§ **Exercise requirements**
The answer must reproduce all of the data below exactly and contain no images.

=== Recorded data ===

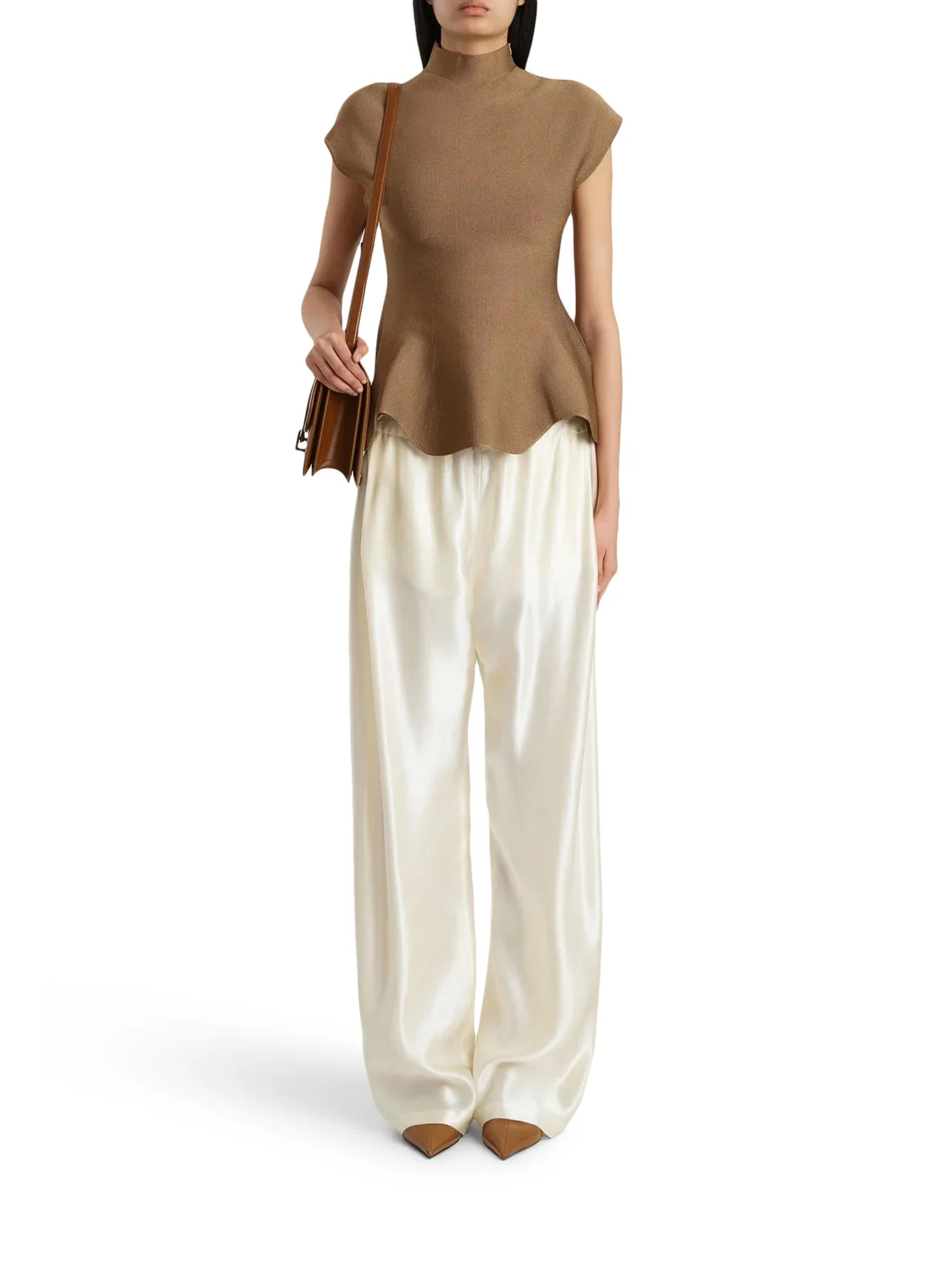 - Elastic waist - Herringbone grosgrain drawstring waist - Relaxed silhouette - Wide leg - Crafted from lightweight, shimmering satin - Finished with a hidden pocket - Straight, finished hem - Color: Cream Made in Italy Composition: Viscose 59% Viscose 41% Cupro Color code: 103 CREAM 31934225
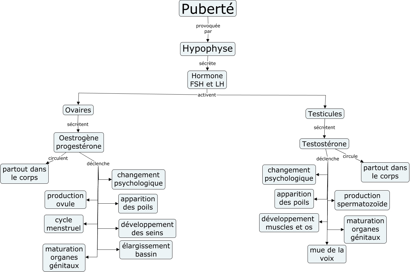 Cette carte de concepts créée avec IHMC CmapTools traite de: puberté, Testostérone déclenche développement muscles et os, Hypophyse sécrète Hormone FSH et LH, Testostérone déclenche production spermatozoïde, Oestrogène progestérone déclenche développement des seins, Oestrogène progestérone déclenche production ovule, Puberté provoquée par Hypophyse, Oestrogène progestérone déclenche maturation organes génitaux, Testostérone déclenche mue de la voix, Hormone FSH et LH activent Testicules, Testostérone déclenche changement psychologique, Testostérone déclenche maturation organes génitaux, Hormone FSH et LH activent Ovaires, Oestrogène progestérone déclenche élargissement bassin, Oestrogène progestérone déclenche changement psychologique, Oestrogène progestérone déclenche cycle menstruel, Oestrogène progestérone circulent partout dans le corps, Ovaires sécrètent Oestrogène progestérone, Testostérone déclenche apparition des poils, Testicules sécrètent Testostérone, Oestrogène progestérone déclenche apparition des poils
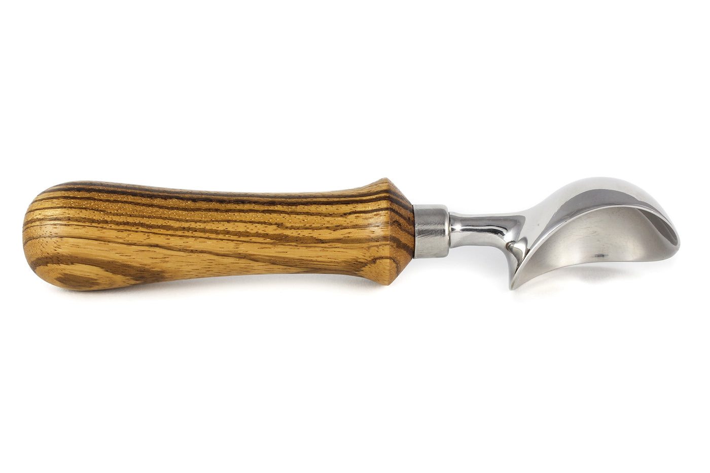 • Q: What materials can I use for the ice cream scoop blank? A: While the kit does not include a blank, it is compatible with various woods. The pictured blank is Zebrawood, which provides a beautiful finish.
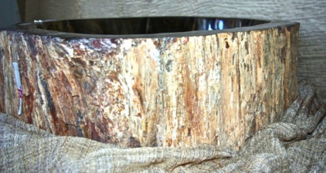 lavandino in legno fossile con corteccia cm.75x66x22H

===

§ **Result of this exercise**
 - Elastic waist - Herringbone grosgrain drawstring waist - Relaxed silhouette - Wide leg - Crafted from lightweight, shimmering satin - Finished with a hidden pocket - Straight, finished hem - Color: Cream Made in Italy Composition: Viscose 59% Viscose 41% Cupro Color code: 103 CREAM 31934225
 Cette carte de concepts créée avec IHMC CmapTools traite de: puberté, Testostérone déclenche développement muscles et os, Hypophyse sécrète Hormone FSH et LH, Testostérone déclenche production spermatozoïde, Oestrogène progestérone déclenche développement des seins, Oestrogène progestérone déclenche production ovule, Puberté provoquée par Hypophyse, Oestrogène progestérone déclenche maturation organes génitaux, Testostérone déclenche mue de la voix, Hormone FSH et LH activent Testicules, Testostérone déclenche changement psychologique, Testostérone déclenche maturation organes génitaux, Hormone FSH et LH activent Ovaires, Oestrogène progestérone déclenche élargissement bassin, Oestrogène progestérone déclenche changement psychologique, Oestrogène progestérone déclenche cycle menstruel, Oestrogène progestérone circulent partout dans le corps, Ovaires sécrètent Oestrogène progestérone, Testostérone déclenche apparition des poils, Testicules sécrètent Testostérone, Oestrogène progestérone déclenche apparition des poils
 • Q: What materials can I use for the ice cream scoop blank? A: While the kit does not include a blank, it is compatible with various woods. The pictured blank is Zebrawood, which provides a beautiful finish.
 lavandino in legno fossile con corteccia cm.75x66x22H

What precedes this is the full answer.